# Electric Hoof Trimmers



## albahurst (Feb 20, 2012)

Has anyone used the electric hoof trimmers? Can you share your thoughts on them?

Thanks!


----------



## vvf (Feb 20, 2012)

albahurst said:


> Has anyone used the electric hoof trimmers? Can you share your thoughts on them?
> 
> Thanks!



I have a Merlin trimmer... LOVE IT. I actually use the "chain saw" blade... It's not nearly as harsh as it sounds, just takes a bit of getting used to. I have a herd of over 20 horses, I have trimmed them all at least twice last year, (with the exception of one horse)

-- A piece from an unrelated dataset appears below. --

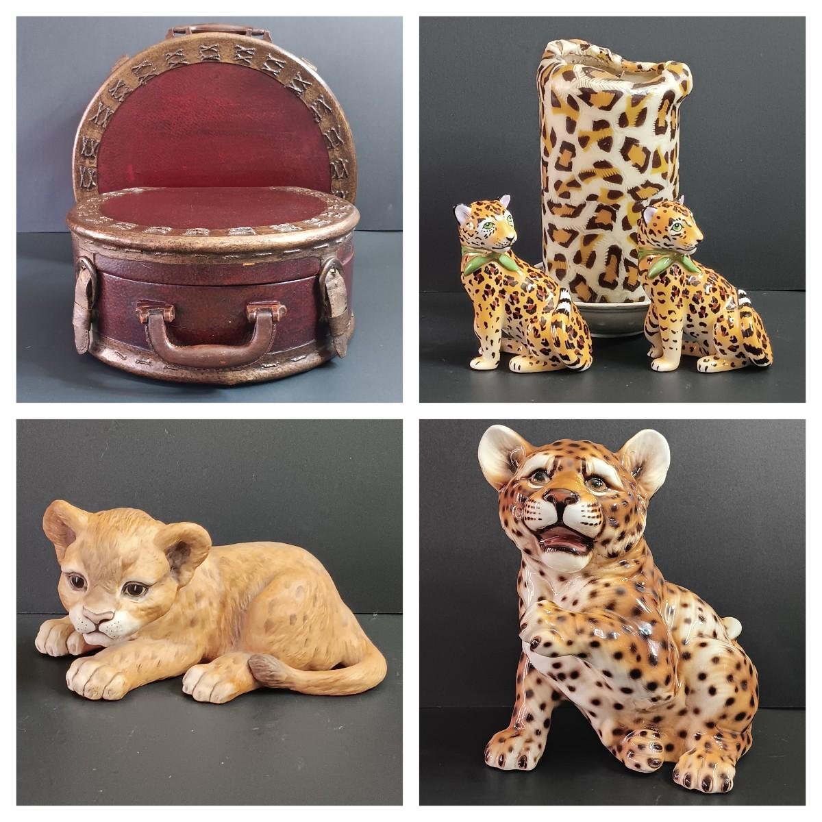 LOT 42: Lynn Chase Leopard Salt and Pepper Shakers, Boehm Lion Cub, Italian Pottery Leopard Cub & More

I made a video thats on youtube.


----------



## albahurst (Feb 20, 2012)

Thanks Cindy- I will look at the video.


----------



## MindyLee (Feb 20, 2012)

Im a mini equine farrier and personally will stay away from them. To much could happen and lame or perm injury a horse. I will play it safe and do it the old fashion way... by hand.


----------



## muffntuf (Feb 20, 2012)

I use the Merlin's too. It does take some practice - but I have used it successfully.


----------



## vvf (Feb 20, 2012)

MindyLee said:


> Im a mini equine farrier and personally will stay away from them. To much could happen and lame or perm injury a horse. I will play it safe and do it the old fashion way... by hand.



No offense to you, or any other farrier out there.... But I had been trimming my herd myself the old fashion way for many years... But, The last 10 years or so, (as I am getting up there in age,) and 20 plus horses to trim is getting to be alot of work for me, so I have hired farriers.... Well, i have not had real good experience with the farriers around here... They don't seem to know how to trim a mini, (and I end up re-trimming, but still paying them for their services) or they don't remember when they make an appointment to trim my horses and forget to show up... And I am not talking about coming out to trim 2 or 3 horses..... They have a good days worth of trimming here for a good days wage. AND I Pay them cash.

Believe me, I would rather pay someone to trim feet.... but I also want them trimmed correctly......... so after some research, I bought the Merlin..

I am not recommending someone that doesn't have a clue in trimming feet, to use this electric trimmer..... Heck a novice shouldn't be trimming the old fashion way.

But...... If a person has a good understanding of how to trim, this tool saves alot of work and is the best investment I have made in a long time...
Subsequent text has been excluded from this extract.